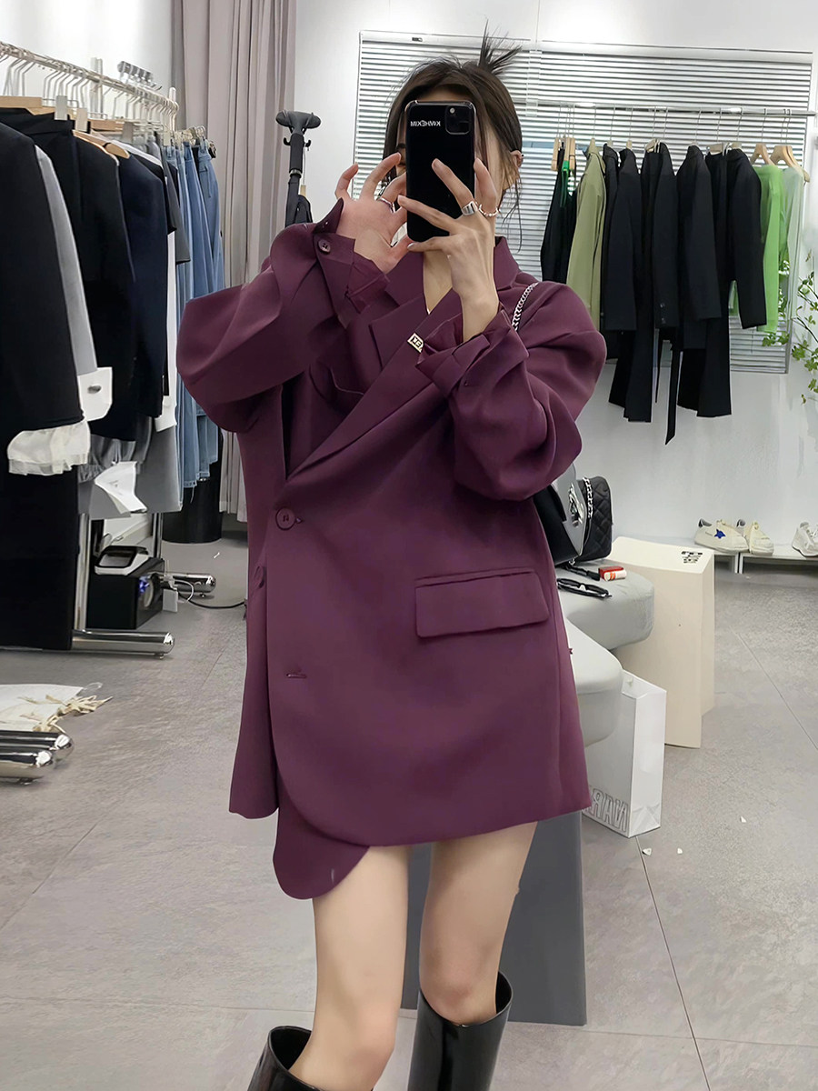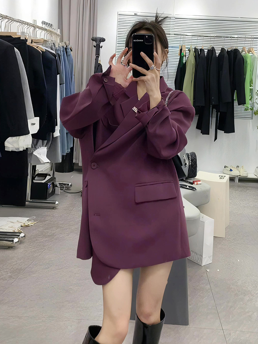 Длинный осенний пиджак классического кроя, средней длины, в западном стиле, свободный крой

* * *

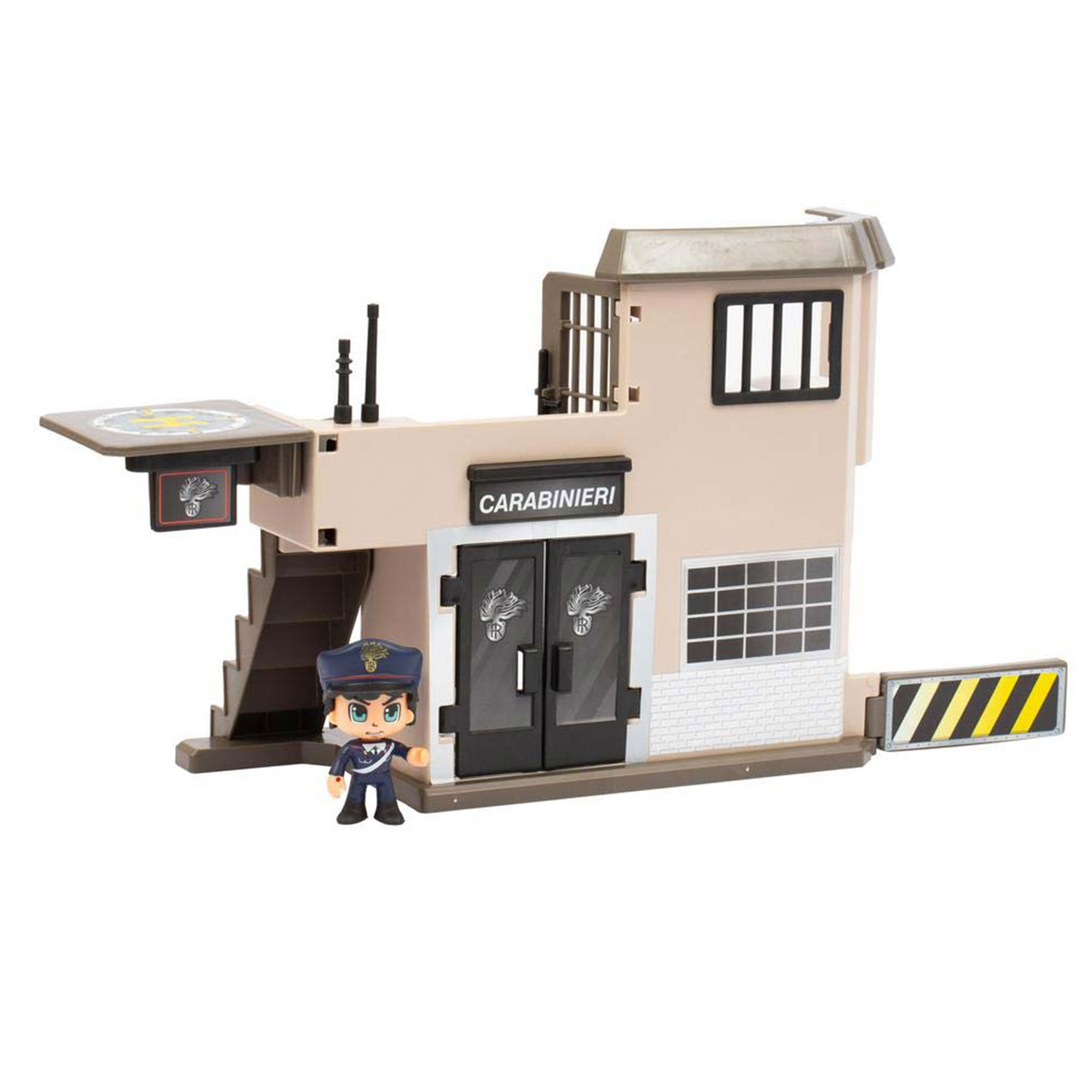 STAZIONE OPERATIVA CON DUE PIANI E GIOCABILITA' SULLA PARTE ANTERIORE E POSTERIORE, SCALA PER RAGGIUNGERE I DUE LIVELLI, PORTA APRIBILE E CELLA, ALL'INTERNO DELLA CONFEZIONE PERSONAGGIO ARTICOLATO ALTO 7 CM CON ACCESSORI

==

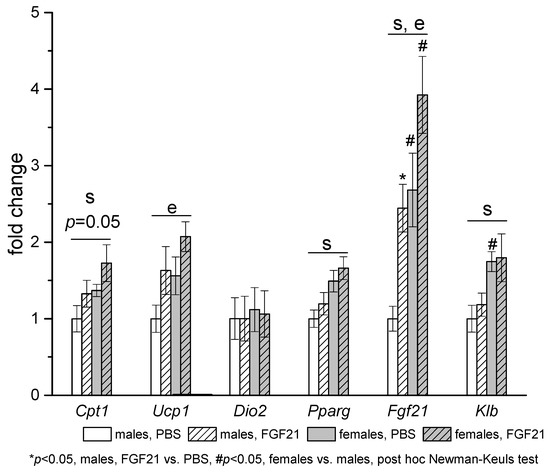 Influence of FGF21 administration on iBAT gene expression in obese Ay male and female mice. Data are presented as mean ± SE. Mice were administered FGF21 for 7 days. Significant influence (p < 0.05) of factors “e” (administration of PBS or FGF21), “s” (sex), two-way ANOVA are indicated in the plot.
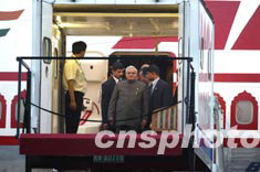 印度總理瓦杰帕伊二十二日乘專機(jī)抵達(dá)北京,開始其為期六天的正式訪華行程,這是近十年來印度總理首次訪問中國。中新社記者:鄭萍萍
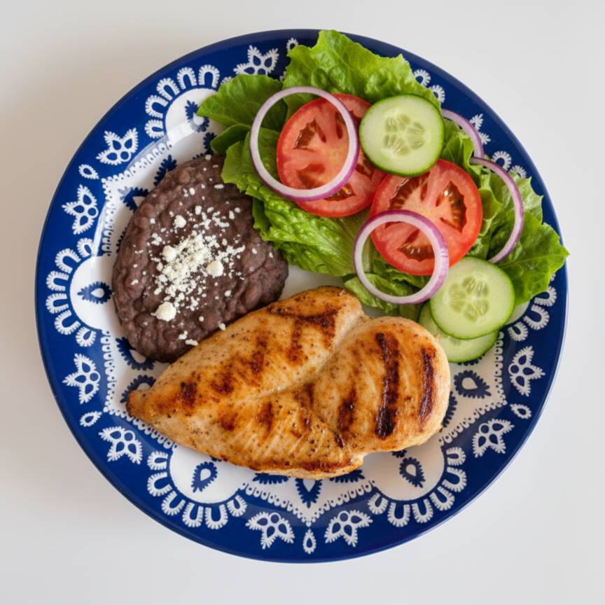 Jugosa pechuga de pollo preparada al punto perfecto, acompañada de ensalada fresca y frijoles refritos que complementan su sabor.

Your task |
Reproduce the listing above exactly from the line containing "Influence of FGF21" up to and including the line containing "Jugosa pechuga de", omitting any images and everything outside those lines.

The answer |
 Influence of FGF21 administration on iBAT gene expression in obese Ay male and female mice. Data are presented as mean ± SE. Mice were administered FGF21 for 7 days. Significant influence (p < 0.05) of factors “e” (administration of PBS or FGF21), “s” (sex), two-way ANOVA are indicated in the plot.
 印度總理瓦杰帕伊二十二日乘專機(jī)抵達(dá)北京,開始其為期六天的正式訪華行程,這是近十年來印度總理首次訪問中國。中新社記者:鄭萍萍
 Jugosa pechuga de pollo preparada al punto perfecto, acompañada de ensalada fresca y frijoles refritos que complementan su sabor.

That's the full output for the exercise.